[RECORDS FOR THIS TASK]

============

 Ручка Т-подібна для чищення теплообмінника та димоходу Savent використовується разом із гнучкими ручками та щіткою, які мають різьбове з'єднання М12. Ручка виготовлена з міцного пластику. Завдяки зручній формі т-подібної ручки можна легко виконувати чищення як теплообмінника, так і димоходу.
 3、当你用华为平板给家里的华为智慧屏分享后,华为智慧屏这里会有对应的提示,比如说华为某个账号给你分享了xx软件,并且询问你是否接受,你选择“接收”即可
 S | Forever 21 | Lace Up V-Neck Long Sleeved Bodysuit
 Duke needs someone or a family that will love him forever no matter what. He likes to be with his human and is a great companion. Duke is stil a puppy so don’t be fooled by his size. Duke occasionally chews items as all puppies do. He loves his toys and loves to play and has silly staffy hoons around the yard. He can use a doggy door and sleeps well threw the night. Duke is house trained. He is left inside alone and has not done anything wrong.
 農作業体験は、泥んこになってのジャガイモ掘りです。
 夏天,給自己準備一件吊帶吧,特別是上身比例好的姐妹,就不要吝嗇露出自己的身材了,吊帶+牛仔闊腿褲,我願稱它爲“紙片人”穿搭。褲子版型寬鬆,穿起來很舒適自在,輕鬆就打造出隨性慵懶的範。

============

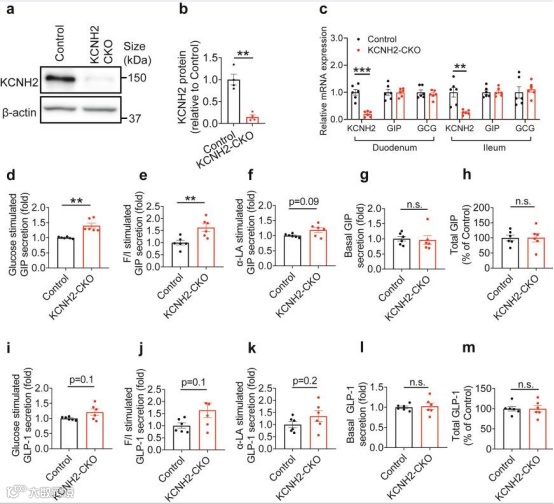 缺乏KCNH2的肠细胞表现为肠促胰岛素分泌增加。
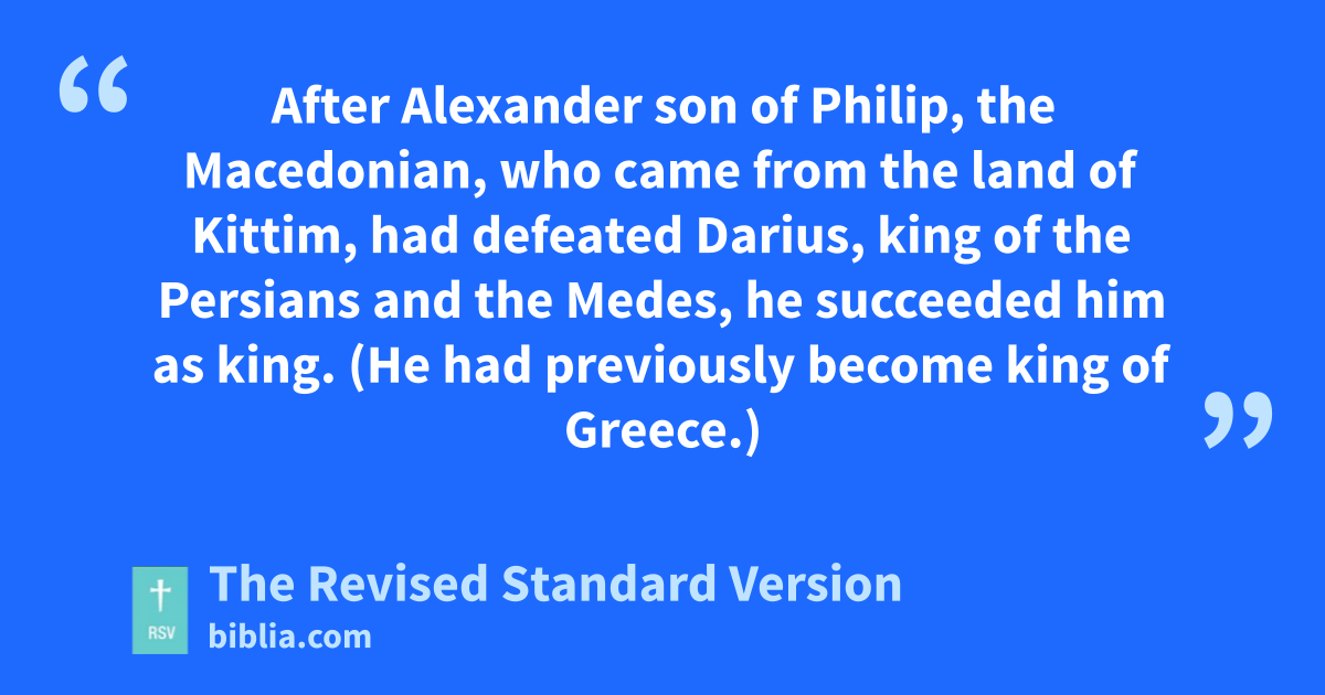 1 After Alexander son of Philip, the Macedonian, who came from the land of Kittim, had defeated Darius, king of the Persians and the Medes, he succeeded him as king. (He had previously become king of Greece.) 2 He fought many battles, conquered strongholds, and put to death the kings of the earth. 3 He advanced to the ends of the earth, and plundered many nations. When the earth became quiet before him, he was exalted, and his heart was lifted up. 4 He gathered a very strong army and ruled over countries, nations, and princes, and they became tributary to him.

============

The lines above starting at the one that holds "缺乏KCNH2的肠细胞表现为肠促胰岛素分泌增加。" and ending at the one that holds "1 After Alexander" are to be written out exactly, ends included, and no pictures are to be copied.

[RESPONSE BELOW]
 缺乏KCNH2的肠细胞表现为肠促胰岛素分泌增加。
 1 After Alexander son of Philip, the Macedonian, who came from the land of Kittim, had defeated Darius, king of the Persians and the Medes, he succeeded him as king. (He had previously become king of Greece.) 2 He fought many battles, conquered strongholds, and put to death the kings of the earth. 3 He advanced to the ends of the earth, and plundered many nations. When the earth became quiet before him, he was exalted, and his heart was lifted up. 4 He gathered a very strong army and ruled over countries, nations, and princes, and they became tributary to him.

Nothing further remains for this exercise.